Data released this week by the Australian Prudential Regulation Authority shows industry super funds have continued to outperform ‘for profit’ retail competitors over the short, medium and long term.
The latest APRA quarterly data for the period to the end of December 2015 shows that, on average, industry super funds have outperformed retail super funds by 1.86 per cent over the past 11 years.
Since December 2004, industry funds have achieved average annual net returns of 6.92 per cent versus 5.07 per cent from retail super funds.
Meanwhile, data from research firm SuperRatings shows a difference of more than 2 per cent over 10 years, in comparison to bank-owned funds.
“The outperformance of industry super funds, which return all profit to members, adds up to a difference of many thousands of dollars in super savings,” said David Whiteley, chief executive of Industry Super Australia.
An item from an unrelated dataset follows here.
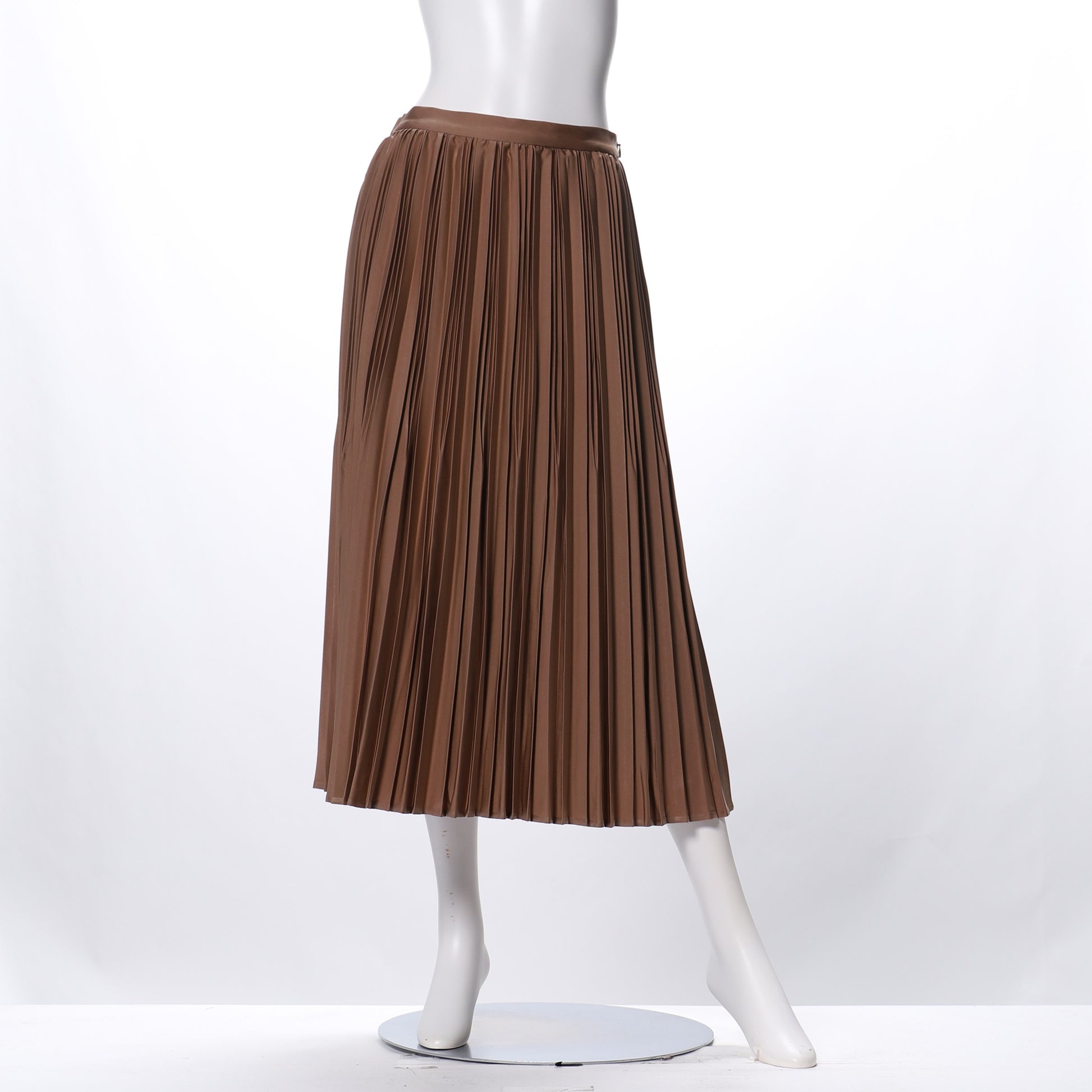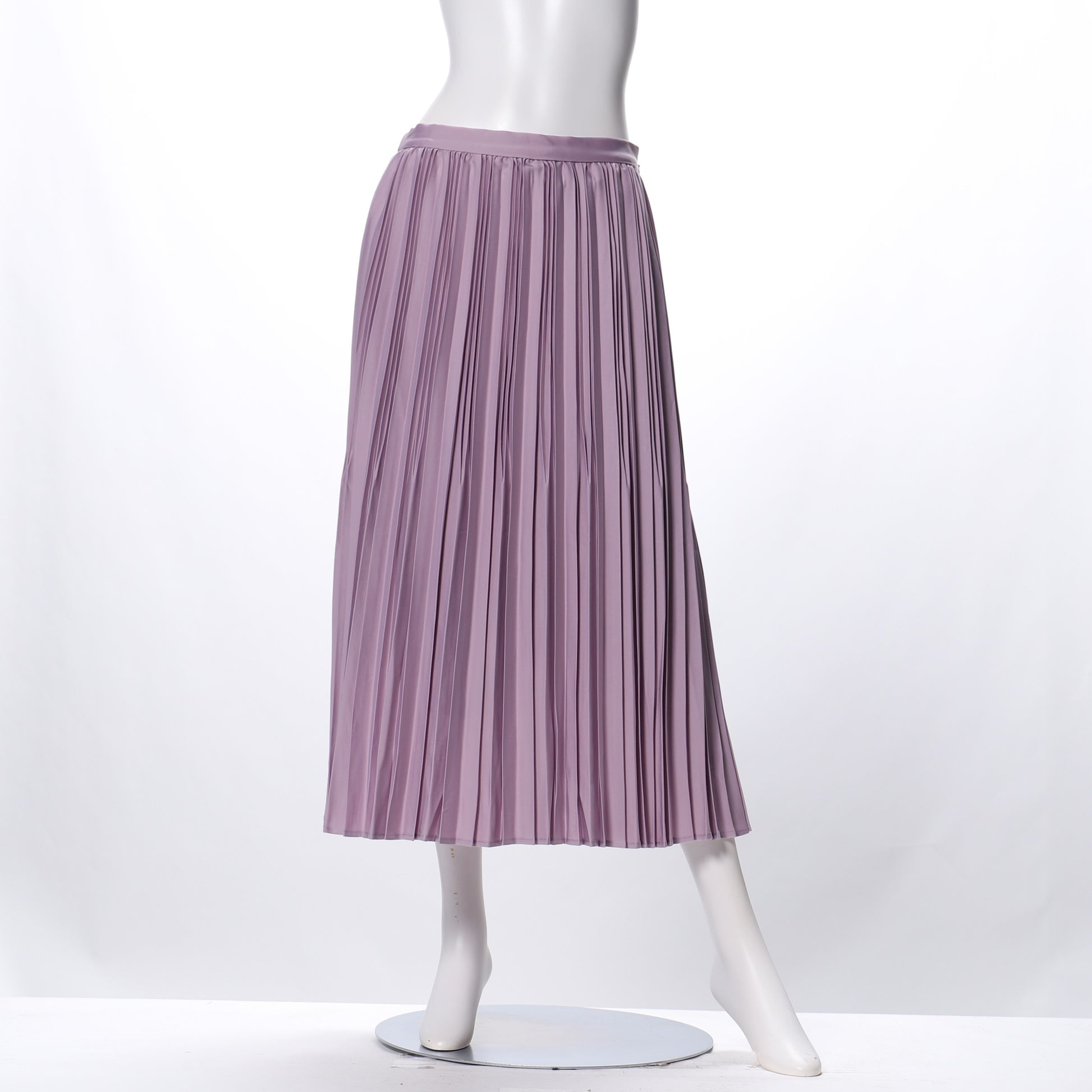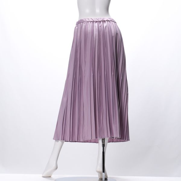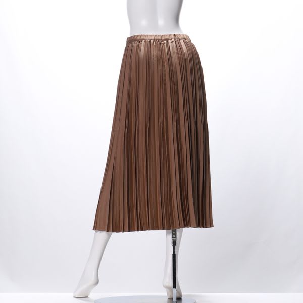 光沢感のある素材がポイントのアコーディオンプリーツスカートです。とろみブラウスとスウェードパンプスを合わせて上品なスタイルや、ドルマンスリーブニットとフラットシューズを合わせてカジュアルなスタイルも素敵ですよ。

“That’s why it’s vitally important to choose a high-performing fund that will work hard to invest your retirement money.”
Mr Whiteley said these figures highlight the ongoing underperformance of bank-owned and retail super funds, which take a profit and consistently deliver less to members.
“While the banks chase profit at members’ expense, industry super funds are focused on getting the best super returns for Australians by making deep, long-term investments especially in infrastructure, which in turn strengthen the foundations of Australia’s economy,” he said.
The APRA data also shows that total superannuation funds in Australia topped $2 trillion by the end of last year, up from $1.93 trillion the year before.
Total member super contributions in the 12 months to December 31 rose 3.4 per cent to $103.9 billlion from $100.5 billion.
DISCLOSURE: The New Daily is owned by a group of industry super funds.